Dynamic Tensor Rematerialization will be at ICLR 2021

2021-1-14 created by AD1024

About DTR

Dynamic Tensor Rematerialization (DTR) proposes a novel greedy algorithm indexed by heuristics that performs checkpointing and tensor rematerilization online. This enables automatic model checkpointing on a Deep Learning model without previous knowledge about the model itself (e.g. dataflow / control flow etc.), and moreover, enables training large models with large batch size on memory-constrained GPUs and Deep Learning accelerators.

In the paper, we proved that at a linear feedforward setting, we can train a model under $\Omega (n)$ memory budget with only $\mathcal{O}(N)$ additional forward operator computations, which is a very small overhead and competitive to the state-of-the-art implementation of checkpointing (Checkmate, Jain et al.) as well as to checkpointing implementation by human experts.

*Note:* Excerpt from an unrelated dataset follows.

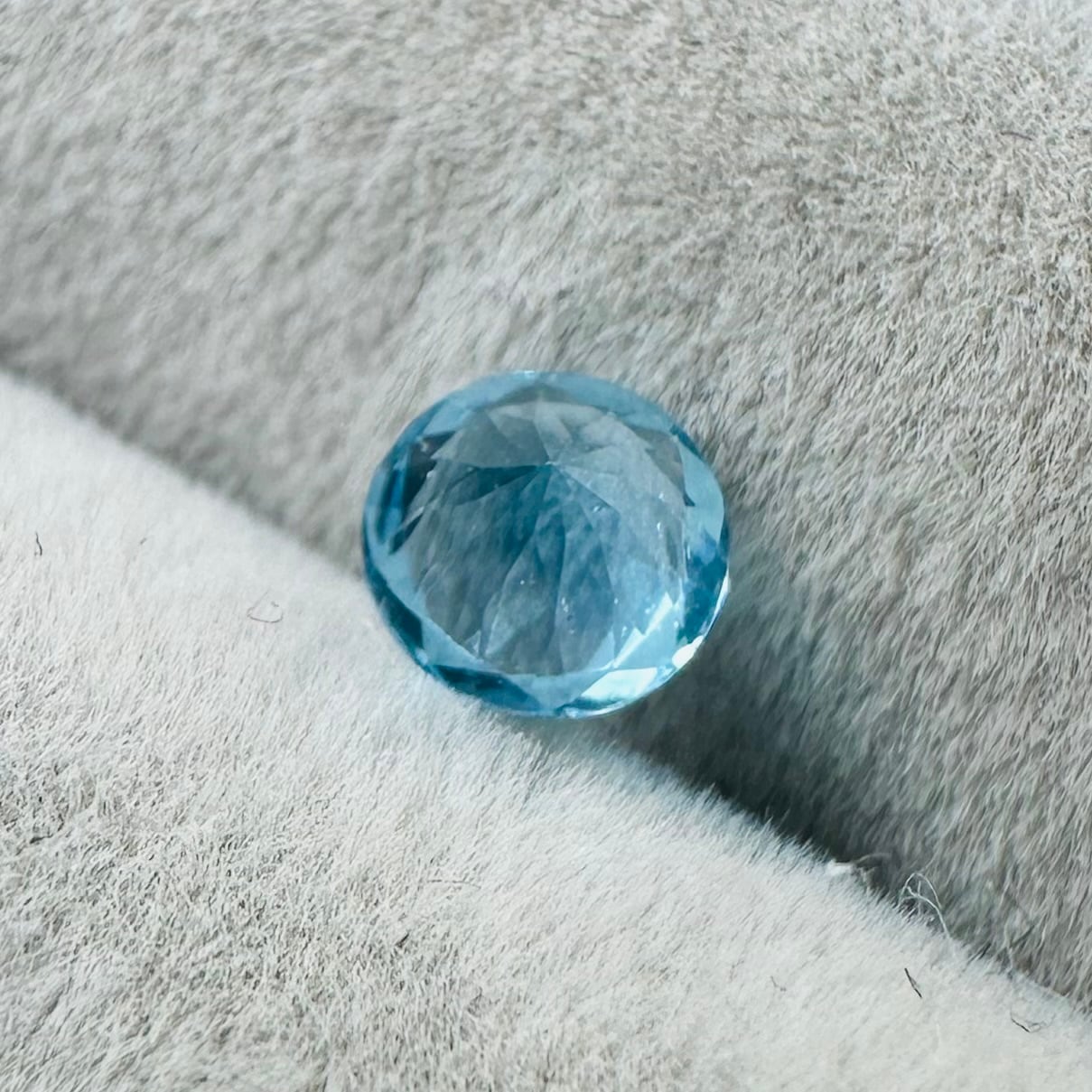 We selected a round-cut faceted apatite, a relatively uncommon shape among faceted apatites. No windows and excellent color retention!

We implemented a simulator and a DTR prototype in PyTorch (Paszke et al.). The simulator evaluates and compares different heuristics, whereas the prototype implementation proves that the algorithm is simple and easy to implement in a state of the art Deep Learning framework. The heuristic used in the prototype is DTR (see definition in the paper). We compared DTR with other checkpointing algorithms and it turns out that the checkpointing plan given by DTR is near optimal.

Generally, DTR is a novel online checkpointing algorithm that achieves near optimal plan without knowing the model ahead of time, which exploits a new direction of research on gradient checkpointing. The future work involves combining DTR with swap-to-host strategy which also is a way to deal with memory constraint issue; putting DTR to multi-GPU senario, which gives potential on parallel training while considering memory saving.